Rather than using the graphshortestpath function from Bioinformatics Toolbox, I recommend creating a graph or digraph object from your sparse adjacency matrix and using the shortestpath function for graph and digraph objects. You can do a lot with graph and digraph objects; see the documentation for a list of functions that can work on these objects.
To remove edges connected to a node, you can use outedges (and inedges if your network is a digraph) then call rmedge. Let's create a graph using the Buckyball data and display it.
G = graph(bucky);
f1 = figure;
p1 = plot(G);
title('Full bucky graph');
Now let's remove all edges connected to node 17 and plot the resulting graph.

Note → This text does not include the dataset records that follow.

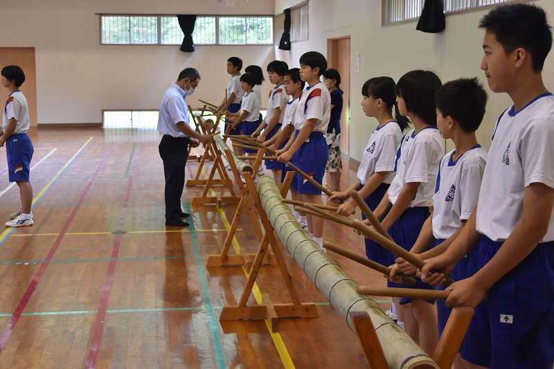 7月16日(金)、4校時に4回目となる米良太鼓の練習を行いました。本日は、指導者として濵砂 道太氏、黒木 靖隆氏より指導をしていただきました。お忙しい中、ありがとうございました。
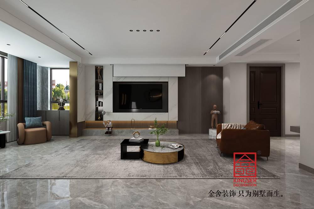 此案例為金舍裝飾-東南智匯城191平米現代輕奢裝修案例。本案整體為現代輕奢風格,整體設計追求空間平衡,對設計語言精心構建,在獨特的現代理念中力求生活的本源:知性,優雅,具有人文氣息。為整個設計帶來輕奢視感。色彩上,用高級灰作為主色調,奠定了空間沉穩的底色。與皮質,金屬,巖板,木材等不同材質的結合,既保持著整齊的視感,又將高級氣質凸顯。
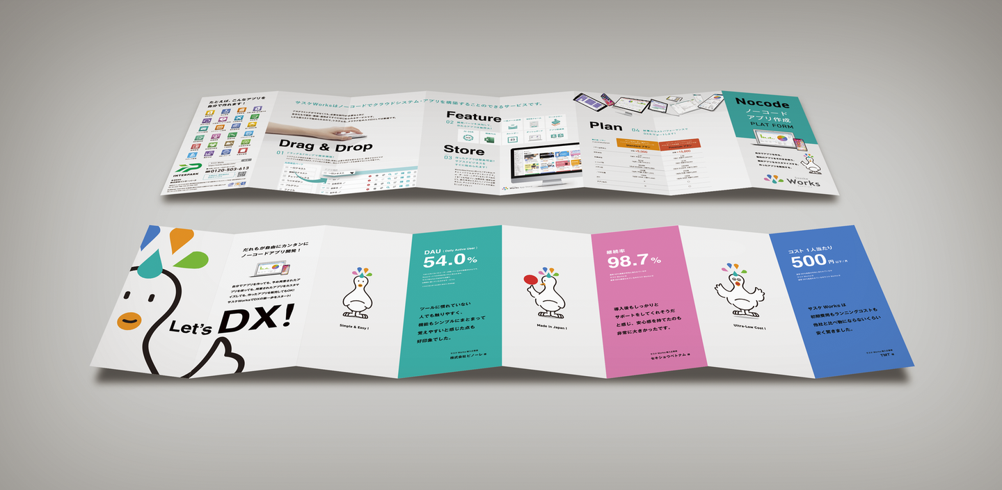 ジャバラ折のA4-1/3想定。片面をキャラ使ってポイントをシンプルに訴求。片面で具体的な内容を訴求。 みたいにしたら結構見やすいかも!!
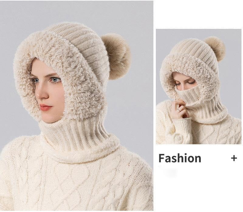 3 in 1 Beanie Hat for Women with Scarf and Mask | Warm Winter Pom Hat for Cold Weather

edgesConnectedTo17 = outedges(G, 17);
Gm17 = rmedge(G, edgesConnectedTo17);
figure
p2 = plot(Gm17);
title('Bucky graph minus edges connected to 17')
Both plots display all 60 nodes of the bucky graph but they have different layouts. Since node 17 isn't connected to anything in the second plot, it's displayed off to the side. The layout differences does make it a little difficult to compare the two plots. Let's make one more plot.
f3 = figure;
p3 = plot(Gm17, 'XData', p1.XData, 'YData', p1.YData);
title('Bucky graph minus edges connected to 17, nodes in the same place')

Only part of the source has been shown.